◆ Problem ◆
Retype each line of the listing below, word for word.

◆ Data ◆
▼▼▼

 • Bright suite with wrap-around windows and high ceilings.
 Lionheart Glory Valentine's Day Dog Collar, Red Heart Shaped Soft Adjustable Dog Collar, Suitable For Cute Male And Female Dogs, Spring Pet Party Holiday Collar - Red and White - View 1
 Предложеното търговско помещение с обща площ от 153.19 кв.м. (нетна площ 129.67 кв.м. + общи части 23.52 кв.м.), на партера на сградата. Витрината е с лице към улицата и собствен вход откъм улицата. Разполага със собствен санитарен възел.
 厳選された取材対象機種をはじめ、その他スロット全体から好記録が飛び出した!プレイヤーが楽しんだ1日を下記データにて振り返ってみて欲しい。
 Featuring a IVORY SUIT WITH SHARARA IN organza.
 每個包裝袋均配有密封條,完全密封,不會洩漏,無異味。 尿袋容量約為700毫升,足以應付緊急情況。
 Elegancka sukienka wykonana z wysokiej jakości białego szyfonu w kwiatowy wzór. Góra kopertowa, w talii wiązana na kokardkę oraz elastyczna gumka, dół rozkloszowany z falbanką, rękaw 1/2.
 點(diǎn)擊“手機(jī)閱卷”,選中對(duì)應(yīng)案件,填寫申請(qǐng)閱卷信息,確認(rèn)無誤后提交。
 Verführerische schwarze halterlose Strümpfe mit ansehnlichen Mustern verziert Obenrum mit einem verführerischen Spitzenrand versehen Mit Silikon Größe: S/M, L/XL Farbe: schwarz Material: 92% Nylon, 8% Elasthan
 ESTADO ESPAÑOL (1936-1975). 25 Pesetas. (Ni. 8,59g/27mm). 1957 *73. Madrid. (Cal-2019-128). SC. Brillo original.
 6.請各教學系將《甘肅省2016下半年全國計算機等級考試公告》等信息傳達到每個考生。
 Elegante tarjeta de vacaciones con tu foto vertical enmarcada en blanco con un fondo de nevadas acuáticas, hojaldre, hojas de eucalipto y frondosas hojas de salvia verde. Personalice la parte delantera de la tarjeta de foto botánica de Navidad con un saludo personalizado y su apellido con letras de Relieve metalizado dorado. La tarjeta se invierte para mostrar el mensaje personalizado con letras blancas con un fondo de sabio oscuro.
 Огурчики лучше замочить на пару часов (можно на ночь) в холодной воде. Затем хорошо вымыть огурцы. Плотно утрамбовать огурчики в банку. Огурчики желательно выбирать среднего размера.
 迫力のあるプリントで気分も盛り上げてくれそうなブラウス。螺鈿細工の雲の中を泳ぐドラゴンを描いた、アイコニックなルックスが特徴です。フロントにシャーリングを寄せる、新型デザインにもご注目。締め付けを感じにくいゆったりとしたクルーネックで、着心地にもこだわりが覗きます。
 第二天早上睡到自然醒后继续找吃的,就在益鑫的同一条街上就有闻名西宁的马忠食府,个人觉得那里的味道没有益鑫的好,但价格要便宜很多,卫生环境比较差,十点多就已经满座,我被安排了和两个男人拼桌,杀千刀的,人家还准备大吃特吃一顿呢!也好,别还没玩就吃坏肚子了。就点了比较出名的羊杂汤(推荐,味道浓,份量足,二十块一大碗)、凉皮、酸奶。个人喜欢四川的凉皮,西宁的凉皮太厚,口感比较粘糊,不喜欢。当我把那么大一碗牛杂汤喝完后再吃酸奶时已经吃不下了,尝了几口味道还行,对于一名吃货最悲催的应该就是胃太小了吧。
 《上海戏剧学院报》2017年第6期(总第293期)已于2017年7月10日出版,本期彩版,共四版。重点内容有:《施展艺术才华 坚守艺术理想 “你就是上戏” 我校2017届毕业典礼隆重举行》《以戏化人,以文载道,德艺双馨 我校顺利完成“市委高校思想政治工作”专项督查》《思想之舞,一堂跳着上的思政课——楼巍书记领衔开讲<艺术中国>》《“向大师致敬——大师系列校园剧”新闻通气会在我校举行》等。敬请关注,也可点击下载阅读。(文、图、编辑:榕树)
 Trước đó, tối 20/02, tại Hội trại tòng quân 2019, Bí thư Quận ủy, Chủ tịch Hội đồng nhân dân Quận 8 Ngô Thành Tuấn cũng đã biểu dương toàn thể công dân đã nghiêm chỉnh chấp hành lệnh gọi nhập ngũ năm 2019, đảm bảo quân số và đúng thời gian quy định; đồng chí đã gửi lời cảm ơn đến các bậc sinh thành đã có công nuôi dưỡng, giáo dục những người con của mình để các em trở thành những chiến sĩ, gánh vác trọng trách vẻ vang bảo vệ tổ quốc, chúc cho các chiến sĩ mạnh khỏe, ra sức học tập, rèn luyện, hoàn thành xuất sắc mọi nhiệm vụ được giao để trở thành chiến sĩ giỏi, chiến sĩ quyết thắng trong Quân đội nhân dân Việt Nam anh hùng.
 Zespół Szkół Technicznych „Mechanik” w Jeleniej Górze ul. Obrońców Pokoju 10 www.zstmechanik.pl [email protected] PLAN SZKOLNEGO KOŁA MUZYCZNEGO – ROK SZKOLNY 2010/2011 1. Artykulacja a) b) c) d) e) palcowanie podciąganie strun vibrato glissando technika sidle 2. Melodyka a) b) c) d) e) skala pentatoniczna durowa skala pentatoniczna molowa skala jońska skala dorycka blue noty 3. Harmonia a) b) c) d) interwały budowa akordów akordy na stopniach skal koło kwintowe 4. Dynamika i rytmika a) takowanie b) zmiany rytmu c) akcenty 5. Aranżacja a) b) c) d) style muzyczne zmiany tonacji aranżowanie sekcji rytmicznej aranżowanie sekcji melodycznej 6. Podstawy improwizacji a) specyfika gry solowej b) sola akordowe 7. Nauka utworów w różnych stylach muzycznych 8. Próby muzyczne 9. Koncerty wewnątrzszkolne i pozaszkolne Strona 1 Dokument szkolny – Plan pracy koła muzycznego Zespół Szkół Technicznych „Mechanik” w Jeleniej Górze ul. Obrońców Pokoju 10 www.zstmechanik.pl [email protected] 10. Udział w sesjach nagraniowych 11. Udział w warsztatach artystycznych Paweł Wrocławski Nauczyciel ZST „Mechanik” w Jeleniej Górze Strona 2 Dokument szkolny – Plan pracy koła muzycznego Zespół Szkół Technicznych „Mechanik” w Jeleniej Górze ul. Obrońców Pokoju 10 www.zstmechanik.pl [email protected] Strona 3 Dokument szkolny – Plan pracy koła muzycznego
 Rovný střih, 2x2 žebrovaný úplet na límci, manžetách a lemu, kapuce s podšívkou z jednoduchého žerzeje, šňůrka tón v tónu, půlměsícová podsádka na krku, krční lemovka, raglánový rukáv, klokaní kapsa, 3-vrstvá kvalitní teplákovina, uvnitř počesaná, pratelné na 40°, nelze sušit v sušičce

▲▲▲

◆ Response ◆
 • Bright suite with wrap-around windows and high ceilings.
 Lionheart Glory Valentine's Day Dog Collar, Red Heart Shaped Soft Adjustable Dog Collar, Suitable For Cute Male And Female Dogs, Spring Pet Party Holiday Collar - Red and White - View 1
 Предложеното търговско помещение с обща площ от 153.19 кв.м. (нетна площ 129.67 кв.м. + общи части 23.52 кв.м.), на партера на сградата. Витрината е с лице към улицата и собствен вход откъм улицата. Разполага със собствен санитарен възел.
 厳選された取材対象機種をはじめ、その他スロット全体から好記録が飛び出した!プレイヤーが楽しんだ1日を下記データにて振り返ってみて欲しい。
 Featuring a IVORY SUIT WITH SHARARA IN organza.
 每個包裝袋均配有密封條,完全密封,不會洩漏,無異味。 尿袋容量約為700毫升,足以應付緊急情況。
 Elegancka sukienka wykonana z wysokiej jakości białego szyfonu w kwiatowy wzór. Góra kopertowa, w talii wiązana na kokardkę oraz elastyczna gumka, dół rozkloszowany z falbanką, rękaw 1/2.
 點(diǎn)擊“手機(jī)閱卷”,選中對(duì)應(yīng)案件,填寫申請(qǐng)閱卷信息,確認(rèn)無誤后提交。
 Verführerische schwarze halterlose Strümpfe mit ansehnlichen Mustern verziert Obenrum mit einem verführerischen Spitzenrand versehen Mit Silikon Größe: S/M, L/XL Farbe: schwarz Material: 92% Nylon, 8% Elasthan
 ESTADO ESPAÑOL (1936-1975). 25 Pesetas. (Ni. 8,59g/27mm). 1957 *73. Madrid. (Cal-2019-128). SC. Brillo original.
 6.請各教學系將《甘肅省2016下半年全國計算機等級考試公告》等信息傳達到每個考生。
 Elegante tarjeta de vacaciones con tu foto vertical enmarcada en blanco con un fondo de nevadas acuáticas, hojaldre, hojas de eucalipto y frondosas hojas de salvia verde. Personalice la parte delantera de la tarjeta de foto botánica de Navidad con un saludo personalizado y su apellido con letras de Relieve metalizado dorado. La tarjeta se invierte para mostrar el mensaje personalizado con letras blancas con un fondo de sabio oscuro.
 Огурчики лучше замочить на пару часов (можно на ночь) в холодной воде. Затем хорошо вымыть огурцы. Плотно утрамбовать огурчики в банку. Огурчики желательно выбирать среднего размера.
 迫力のあるプリントで気分も盛り上げてくれそうなブラウス。螺鈿細工の雲の中を泳ぐドラゴンを描いた、アイコニックなルックスが特徴です。フロントにシャーリングを寄せる、新型デザインにもご注目。締め付けを感じにくいゆったりとしたクルーネックで、着心地にもこだわりが覗きます。
 第二天早上睡到自然醒后继续找吃的,就在益鑫的同一条街上就有闻名西宁的马忠食府,个人觉得那里的味道没有益鑫的好,但价格要便宜很多,卫生环境比较差,十点多就已经满座,我被安排了和两个男人拼桌,杀千刀的,人家还准备大吃特吃一顿呢!也好,别还没玩就吃坏肚子了。就点了比较出名的羊杂汤(推荐,味道浓,份量足,二十块一大碗)、凉皮、酸奶。个人喜欢四川的凉皮,西宁的凉皮太厚,口感比较粘糊,不喜欢。当我把那么大一碗牛杂汤喝完后再吃酸奶时已经吃不下了,尝了几口味道还行,对于一名吃货最悲催的应该就是胃太小了吧。
 《上海戏剧学院报》2017年第6期(总第293期)已于2017年7月10日出版,本期彩版,共四版。重点内容有:《施展艺术才华 坚守艺术理想 “你就是上戏” 我校2017届毕业典礼隆重举行》《以戏化人,以文载道,德艺双馨 我校顺利完成“市委高校思想政治工作”专项督查》《思想之舞,一堂跳着上的思政课——楼巍书记领衔开讲<艺术中国>》《“向大师致敬——大师系列校园剧”新闻通气会在我校举行》等。敬请关注,也可点击下载阅读。(文、图、编辑:榕树)
 Trước đó, tối 20/02, tại Hội trại tòng quân 2019, Bí thư Quận ủy, Chủ tịch Hội đồng nhân dân Quận 8 Ngô Thành Tuấn cũng đã biểu dương toàn thể công dân đã nghiêm chỉnh chấp hành lệnh gọi nhập ngũ năm 2019, đảm bảo quân số và đúng thời gian quy định; đồng chí đã gửi lời cảm ơn đến các bậc sinh thành đã có công nuôi dưỡng, giáo dục những người con của mình để các em trở thành những chiến sĩ, gánh vác trọng trách vẻ vang bảo vệ tổ quốc, chúc cho các chiến sĩ mạnh khỏe, ra sức học tập, rèn luyện, hoàn thành xuất sắc mọi nhiệm vụ được giao để trở thành chiến sĩ giỏi, chiến sĩ quyết thắng trong Quân đội nhân dân Việt Nam anh hùng.
 Zespół Szkół Technicznych „Mechanik” w Jeleniej Górze ul. Obrońców Pokoju 10 www.zstmechanik.pl [email protected] PLAN SZKOLNEGO KOŁA MUZYCZNEGO – ROK SZKOLNY 2010/2011 1. Artykulacja a) b) c) d) e) palcowanie podciąganie strun vibrato glissando technika sidle 2. Melodyka a) b) c) d) e) skala pentatoniczna durowa skala pentatoniczna molowa skala jońska skala dorycka blue noty 3. Harmonia a) b) c) d) interwały budowa akordów akordy na stopniach skal koło kwintowe 4. Dynamika i rytmika a) takowanie b) zmiany rytmu c) akcenty 5. Aranżacja a) b) c) d) style muzyczne zmiany tonacji aranżowanie sekcji rytmicznej aranżowanie sekcji melodycznej 6. Podstawy improwizacji a) specyfika gry solowej b) sola akordowe 7. Nauka utworów w różnych stylach muzycznych 8. Próby muzyczne 9. Koncerty wewnątrzszkolne i pozaszkolne Strona 1 Dokument szkolny – Plan pracy koła muzycznego Zespół Szkół Technicznych „Mechanik” w Jeleniej Górze ul. Obrońców Pokoju 10 www.zstmechanik.pl [email protected] 10. Udział w sesjach nagraniowych 11. Udział w warsztatach artystycznych Paweł Wrocławski Nauczyciel ZST „Mechanik” w Jeleniej Górze Strona 2 Dokument szkolny – Plan pracy koła muzycznego Zespół Szkół Technicznych „Mechanik” w Jeleniej Górze ul. Obrońców Pokoju 10 www.zstmechanik.pl [email protected] Strona 3 Dokument szkolny – Plan pracy koła muzycznego
 Rovný střih, 2x2 žebrovaný úplet na límci, manžetách a lemu, kapuce s podšívkou z jednoduchého žerzeje, šňůrka tón v tónu, půlměsícová podsádka na krku, krční lemovka, raglánový rukáv, klokaní kapsa, 3-vrstvá kvalitní teplákovina, uvnitř počesaná, pratelné na 40°, nelze sušit v sušičce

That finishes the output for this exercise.